Стихотворения и поэмы в 2-х т. Т. I - Вадим Андреев


ВАДИМ АНДРЕЕВ. СТИХОТВОРЕНИЯ И ПОЭМЫ. В 2-х томах. Т.I[1] [2]

Лазарь Флейшман. Предисловие

В.Л. Андреев


Творчество Вадима Андреева (1902–1976) различными своими гранями отражает коренные черты русской культуры XX века и в какой-то степени символизирует ее судьбу. Старший сын Леонида Андреева, одного из лучших прозаиков России предеволюционного десятилетия, в трехлетнем возрасте лишившийся матери и только временами живший с тех пор в новой семье отца, он через смуту революции, гражданской войны и эмигрантского бытия пронес глубоко выстраданное ощущение неразрывности со всем русским прошлым, обостренное сознанием принадлежности к роду, и по отцовской, и по материнской линии связанному с историей литературы и общественного движения. Сформировавшиеся в юношеском возрасте политические убеждения воспринимались Вадимом Андреевым как нравственные принципы, унаследованные от русской либеральной интеллигенции. В конце жизни он писал: «Я не знаю, как родилась во мне ненависть к самодержавию и преклонение перед декабристами и народовольцами, неприятие антисемитизма и расового неравенства (ни дело Бейлиса, ни «Хижина дяди Тома» — впрочем, может быть, даже не сама скучноватая и сентиментальная книга Бичер-Стоу, но разговоры о ней — не могли пройти бесследно), ужас перед провокаторством и доносами, неприятие смертной казни, вера в революцию, слепая вера в русский народ, — я не знаю, когда они стали моими, но вне их я себя не мыслю. Все эти волнения, споры, неизбежные противоречия, когда отвлеченные понятия сталкивались с баррикадами, которые ставила реальная действительность, — все это было тем воздухом, которым жила русская интеллигенция в начале XX века»[3]. Противостояние метропольной и эмигрантской частей русской культуры и возникшая у Андреева в ответ на это противостояние убежденность в эфемерности и ненормальности существования зарубежной России (а именно пришлось прожить всю свою сознательную жизнь), неясность и неопределенность будущего русской страны — все это наложило на его поэзию неизгладимый отпечаток. В этом — источник сквозной у него темы «сиротства» (одновременно и метафизического, и буквально-биографического) и пронзительно звучащей темы томительного отрыва от родных корней; в этом же — объяснение многих особенностей общественной позиции писателя.

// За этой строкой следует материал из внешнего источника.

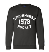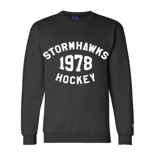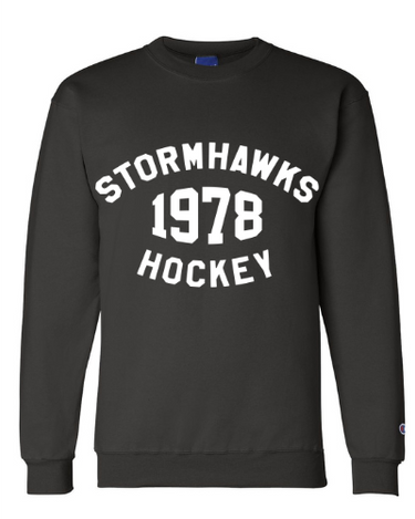 This black & white vintage reissue sweatshirt is exclusive to STAKD for Stormhawk athletes and families to show their pride with our classic fleece hoodie with our custom 1978 graphic on the front chest.
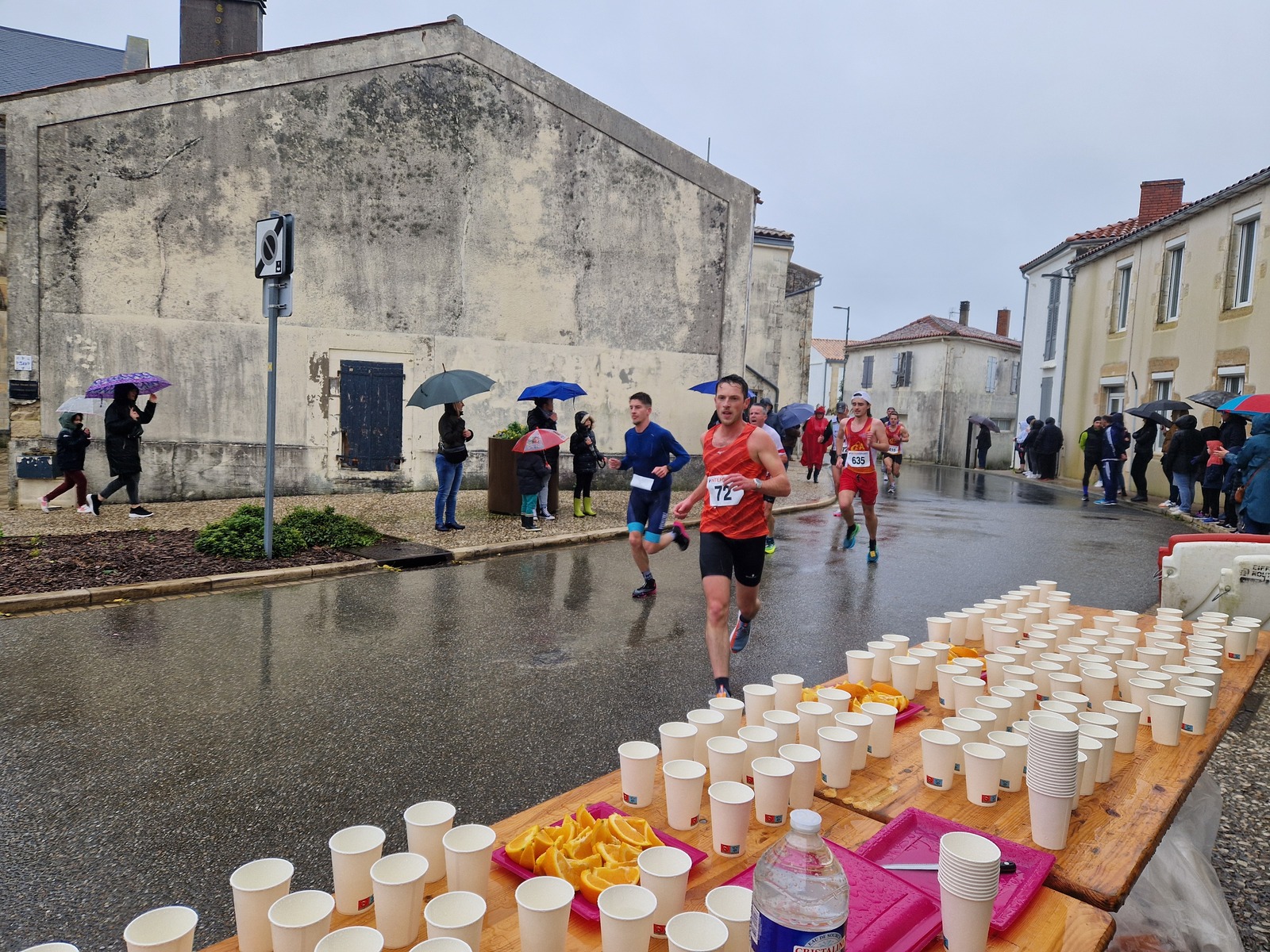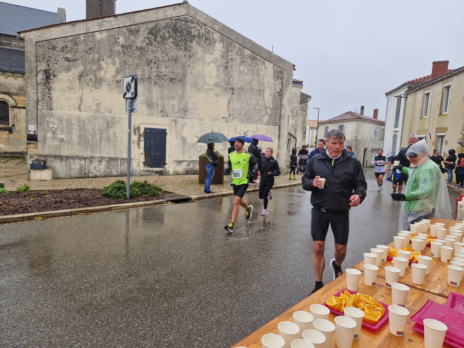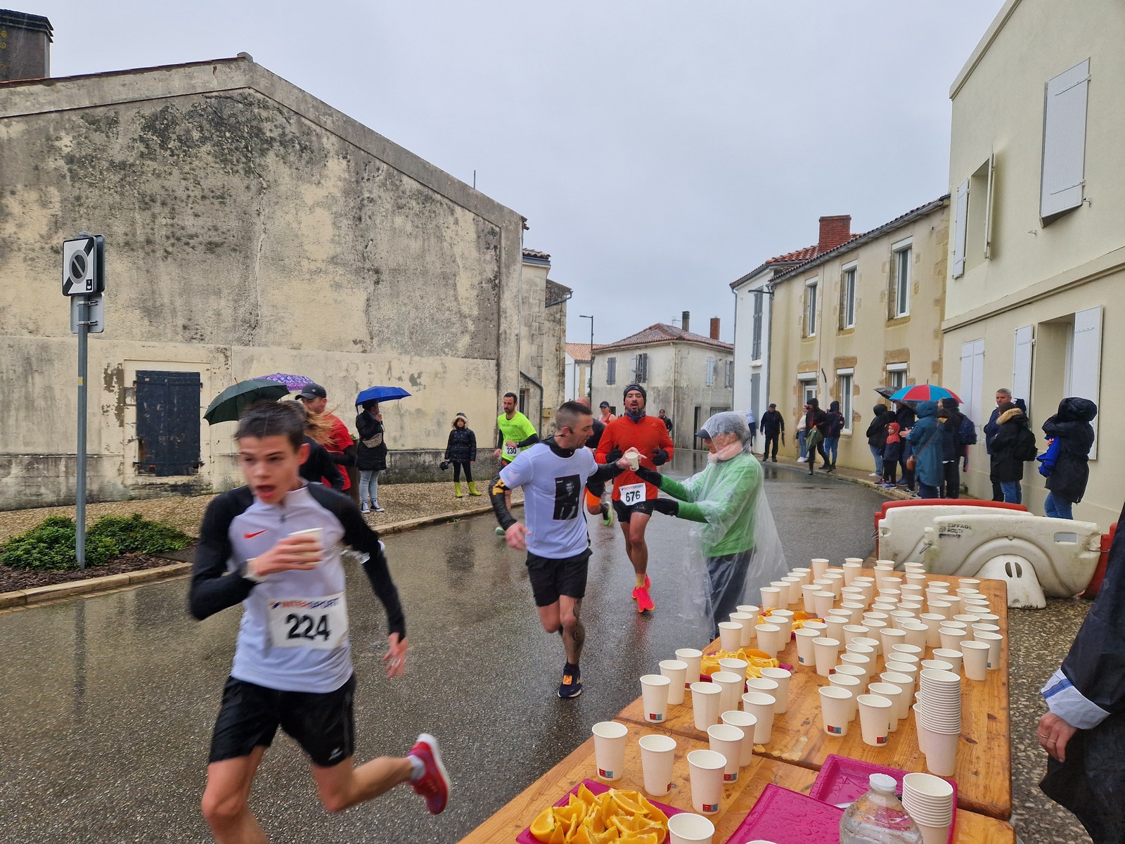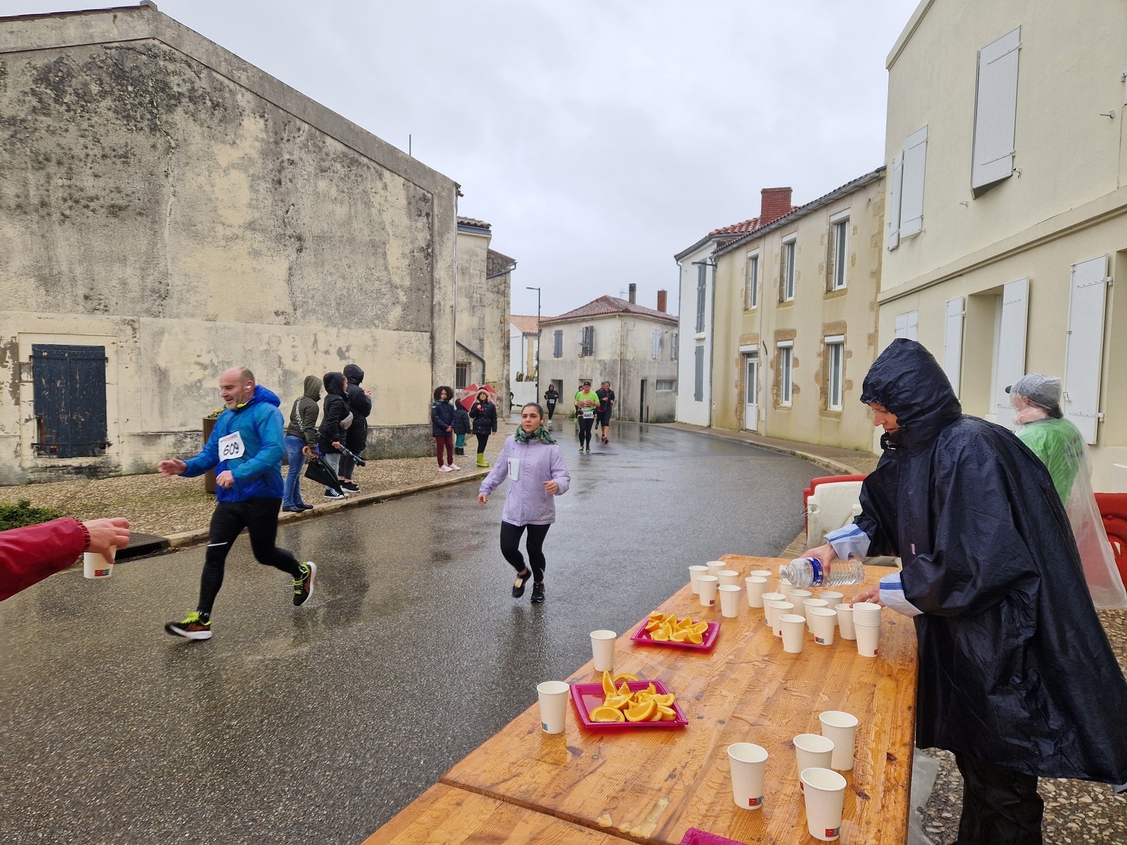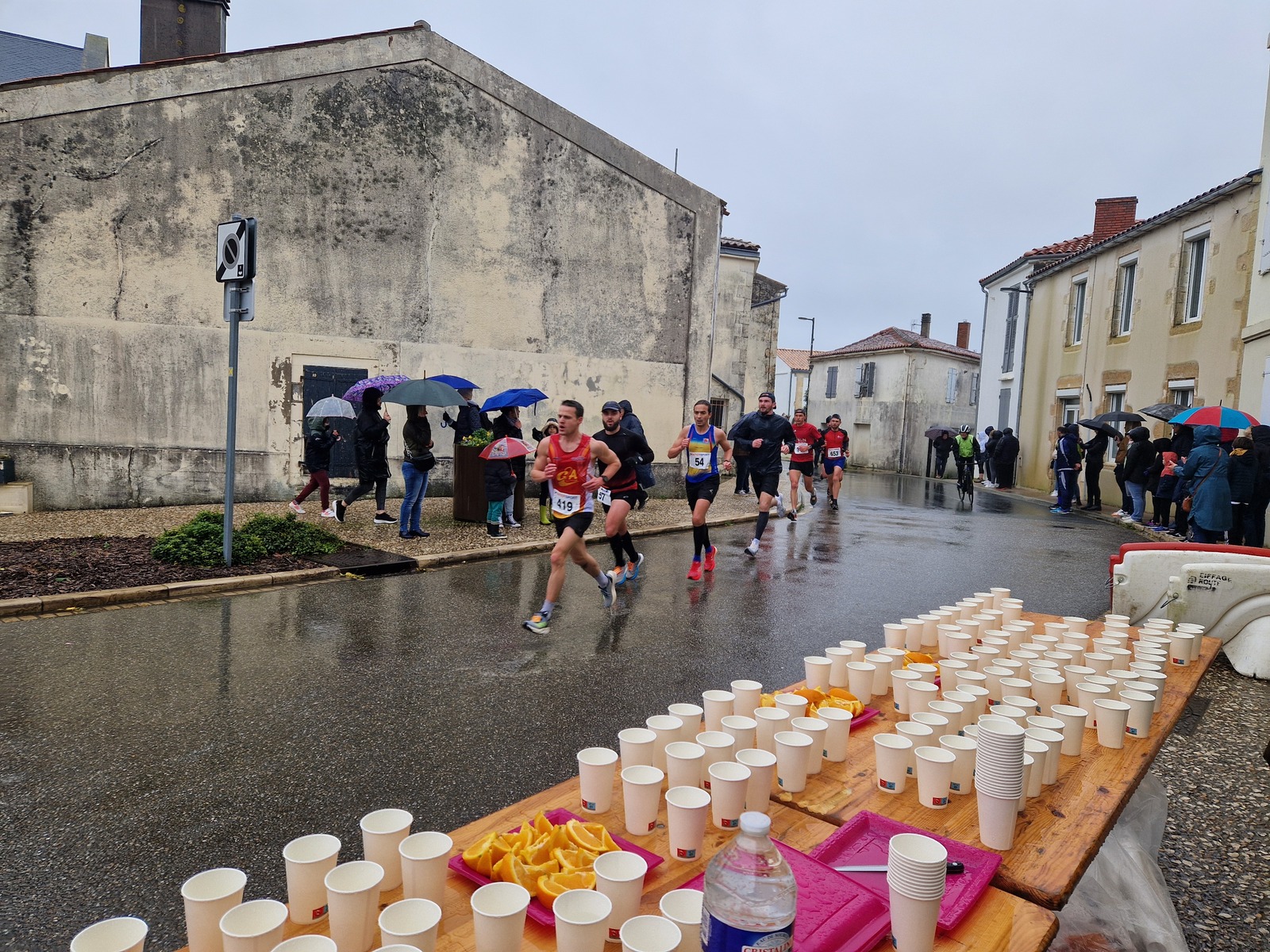"Merci pour cette belle course. La météo n’était pas au rdv mais vos sourires et votre sympathie nous ont réchauffé les cannes. J’ai été impressionné par le nombre de supporters malgré cette pluie."

Расщепленность русской литературы на метрополию и диаспору нашла парадоксальную параллель в литературной репутации Вадима Андреева: в то время как в эмигрантской среде он был ценим как поэт, автор пяти стихотворных книг (включая изданную посмертно), в Советском Союзе, с шестидесятых годов начиная, публиковалась почти исключительно его автобиографическая проза. Но парадоксальность места Андреева в литературе этим не исчерпывалась: факторы как чисто биографического, так и мировоззренческого характера осложнили позицию Вадима Андреева и внутри эмигрантской России. Неслучайно поэтому ретроспективный сборник его назван «На рубеже» (а не, скажем, «За рубежом»). Андреев рано испытал отталкивание от «белого» движения, с которым соприкоснулся волею судеб в семнадцатилетнем возрасте. Участие в гражданской войне свелось для него к мимолетному эпизоду в Грузии, о котором он поведал в повести «История одного путешествия» и в автобиографической поэме «Возвращение» (1936). Последовавшие контакты с остатками врангелевских войск в беженском лагере на Босфоре и в Константинополе обострили в юноше ощущение исторической неправоты белой армии. В «Возвращении» дана «покаянная» формулировка, выразившая существо позиции поэта на протяжении всей его жизни:


Случайному поверив звуку,
Я не услышал голос твой,
Кощунствуя, я поднял руку,
Моя Россия, — над тобой.


Размышляя спустя много лет о жизненной траектории, приведшей его и зарубежье, Андреев рассказывал в своих мемуарах: «Никуда не уезжая из нашего дома, мы оказались за границей. Осенью 1920 года я уехал из Финляндии, но опять-таки я не уезжал за границу, я ехал в Россию, в Крым, путем самым невероятным, но ехал домой. Подхваченный вихрем событий, я облетел всю Европу, долетел до Грузии, вернулся в Константинополь и вот теперь… Теперь я увидел своими глазами константинопольскую белую, главным образом военную эмиграцию и понял, насколько она чужда всему тому революционному, чем я жил с детства»[4]. В русском лицее в Константинополе Вадим познакомился с будущими своими друзьями на всю жизнь — Даниилом Резниковым и Брониславом Сосинским — и вошел в ученический литературный кружок. Вместе с другими «лицеистами» весной 1922 года он был переведен в Болгарию, откуда уже в апреле выбрался в Берлин с помощью комитета Уиттимора, созданного для поддержки эмигрантской студенческой молодежи.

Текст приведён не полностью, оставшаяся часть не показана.